Question

If \[G\left( x \right)=-\sqrt{25-{{x}^{2}}}\], then \[\underset{x\to 1}{\mathop{\lim }}\,\dfrac{G\left( x \right)-G\left( 1 \right)}{x-1}\] is
A. \[\dfrac{1}{\sqrt{24}}\]
B. \[\dfrac{1}{5}\]
C. \[-\sqrt{24}\]
D. None of these

Answer 1

Hint: In the given question, we have been asked to find the limit of a given expression and we have to solve the given question using the L-hospital rule. In order to solve the question, first we need to differentiate the numerator and denominator with respect to ‘x’ one by one. Then by taking the limit x = 1 as it is given in the question we will put x = 1 in the differential expression.
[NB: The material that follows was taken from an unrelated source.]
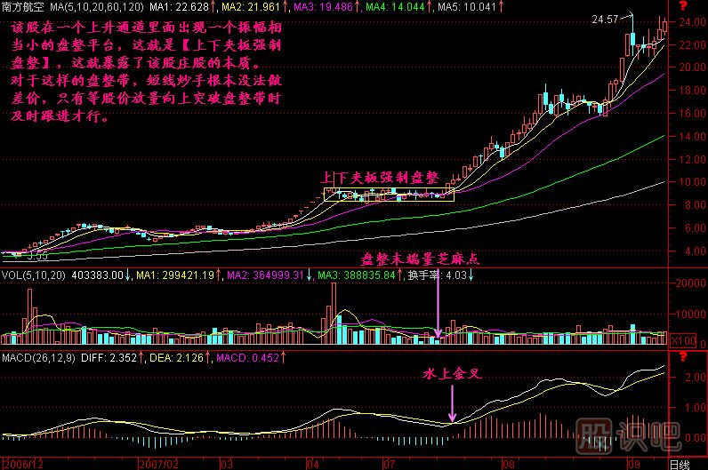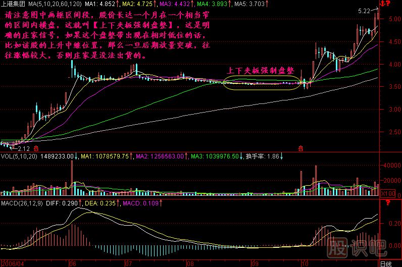 小結(jié):在現(xiàn)階段,我們的股市還很年輕,既然年輕,就避免不了莊家主力對股價的操控行為,如果你發(fā)現(xiàn)一只股票在相對低位出現(xiàn)上下夾板強制盤整的走勢,一般是操盤手受到某種指令的操控這樣做的,這就說明這個股票里面有莊家,那么一旦股價在后期向上突破,則是一個參與的機會。當(dāng)然這要剔除那些已經(jīng)漲幅巨大、進入高空飛行的股票,那樣的股票在高位走的是出貨拉鏈,和本節(jié)的內(nèi)容是不同的,性質(zhì)不一樣。

Then simplified further to get the answer.

Complete step by step solution:
We have given that,
\[G\left( x \right)=-\sqrt{25-{{x}^{2}}}\]
And
As we know that,
\[\underset{x\to 1}{\mathop{\lim }}\,\dfrac{G\left( x \right)-G\left( 1 \right)}{x-1}\] is of \[\dfrac{0}{0}\] form.
Since when we put the value of x = 1 the numerator and denominator become zero.
Thus,
Solving \[\underset{x\to 1}{\mathop{\lim }}\,\dfrac{G\left( x \right)-G\left( 1 \right)}{x-1}\], using the L-hospital rule.
Here,
Differentiate numerator and denominator one-by-one,
\[\dfrac{d}{dx}G\left( x \right)-G\left( 1 \right)=G'\left( x \right)-0\], and
\[\dfrac{d}{dx}x-1=1-0\]
Therefore,
\[\dfrac{d}{dx}\left( \dfrac{G\left( x \right)-G\left( 1 \right)}{x-1} \right)=\dfrac{G'\left( x \right)-0}{1-0}=G'\left( x \right)\]
Now,
Taking \[G'\left( x \right)\]
We have,
\[G\left( x \right)=-\sqrt{25-{{x}^{2}}}\]
Differentiate the above function using the chain rule, we get
\[G'\left( x \right)=-\dfrac{1}{2\sqrt{25-{{x}^{2}}}}\times -2x=\dfrac{x}{\sqrt{25-{{x}^{2}}}}\]
Thus,
\[G'\left( x \right)=\dfrac{x}{\sqrt{25-{{x}^{2}}}}\]
Now taking the limit ‘x’ approaches to 1,
\[G'\left( 1 \right)=\dfrac{1}{\sqrt{25-{{1}^{2}}}}=\dfrac{1}{\sqrt{24}}\]
Therefore,
\[\underset{x\to 1}{\mathop{\lim }}\,\dfrac{G\left( x \right)-G\left( 1 \right)}{x-1}=\dfrac{1}{\sqrt{24}}\]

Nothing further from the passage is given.